Two members of the staff, Hratch Papazian and Justine Way, left at the end of summer 1998, the former to work at Chicago House in Luxor, and the latter to concentrate on studies and to continue work at Giza. Later in autumn, Alexandra O'Brien also left to complete her dissertation on women in Hellenistic Egypt. I am grateful to all three of them for their careful and diligent work and their pleasant and agreeable presence on the staff for so long. For most of the year, the staff of the Research Archives was entirely new. Aaron Burke, third-year graduate student in Archaeology, shouldered the task of cataloging the map collection. Katherine Strange, first-year graduate student in Archaeology, and Tamara Siuda, first-year graduate student in Egyptology, shared the analytical cataloging tasks for both the current acquisitions and the retrospective cataloging project. All three shared office duties and covered weekend and evening hours. A qualified and interested staff is a key component of any organization, and I am pleased to have had this group working with me this year.


In a year in which so many individuals and organizations contributed so much to the future of the Research Archives, it is difficult to single out specific contributions.
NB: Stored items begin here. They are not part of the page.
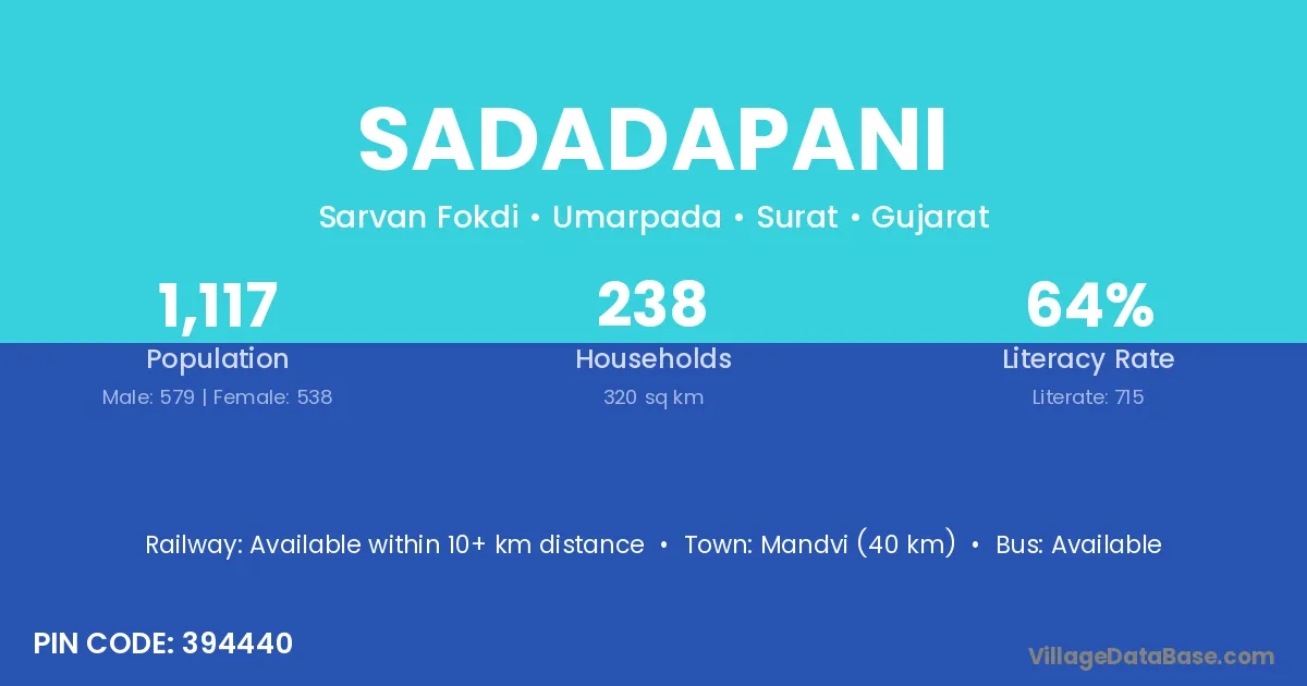 Mandvi (40 km) is the nearest town to Sadadapani village for major economic activities and is located approximately 40 km away.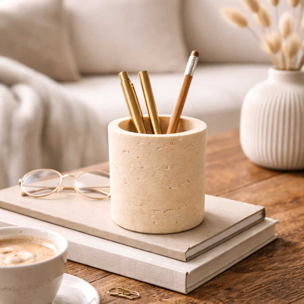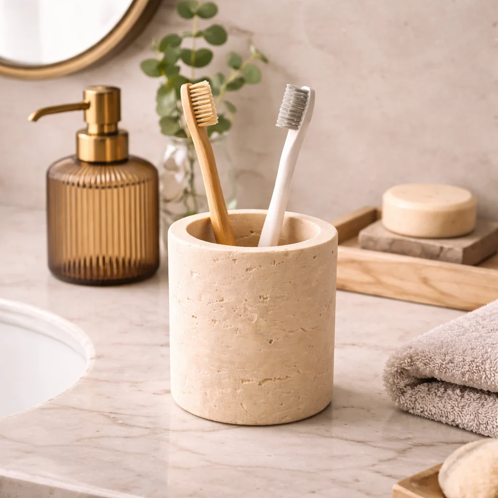 De houder is multifunctioneel inzetbaar: gebruik hem als luxe tandenborstelhouder in de badkamer, als organizer voor make-upkwasten of als stijlvolle opberger voor keukengerei. Het minimalistische cilindrische ontwerp past perfect binnen moderne, Scandinavische en hotel-chique interieurs. Door het solide gewicht staat de houder stabiel en voelt hij hoogwaardig aan.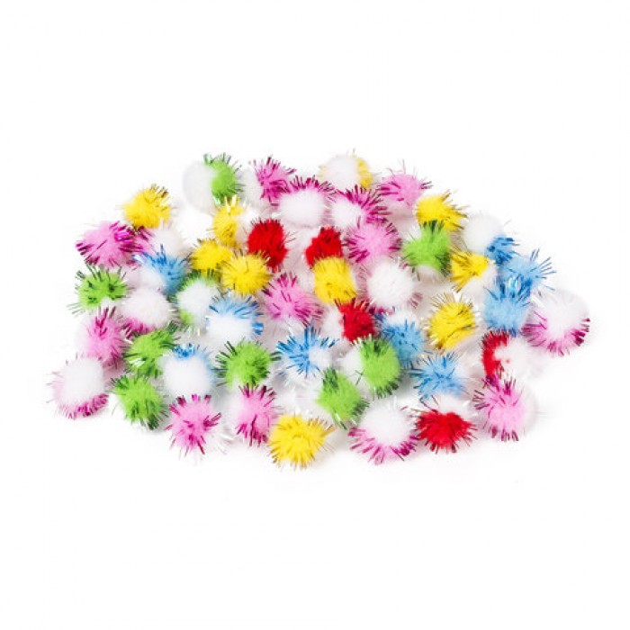 Помпоны для творчества, многоцветныее, блестящие, 6 цветов, 15 мм, 50 шт., ОСТРОВ СОКРОВИЩ, 661434

As always, my colleagues at the Oriental Institute are essential to the smooth and successful operation of the Research Archives. The Director, Professor Gene Gragg, and his staff have constantly and consistently supported the Research Archives. Professor Robert Biggs and the Journal of Near Eastern Studies, and Denise Browning and her staff in the Suq are, as always, generous with books, information, and moral support. But it is John Sanders and the Computer Laboratory whose generosity with time, experience, effort, and advice to whom I am most indebted for the continuing development of the Research Archives. To each of them, and to all who offered help and support, my thanks.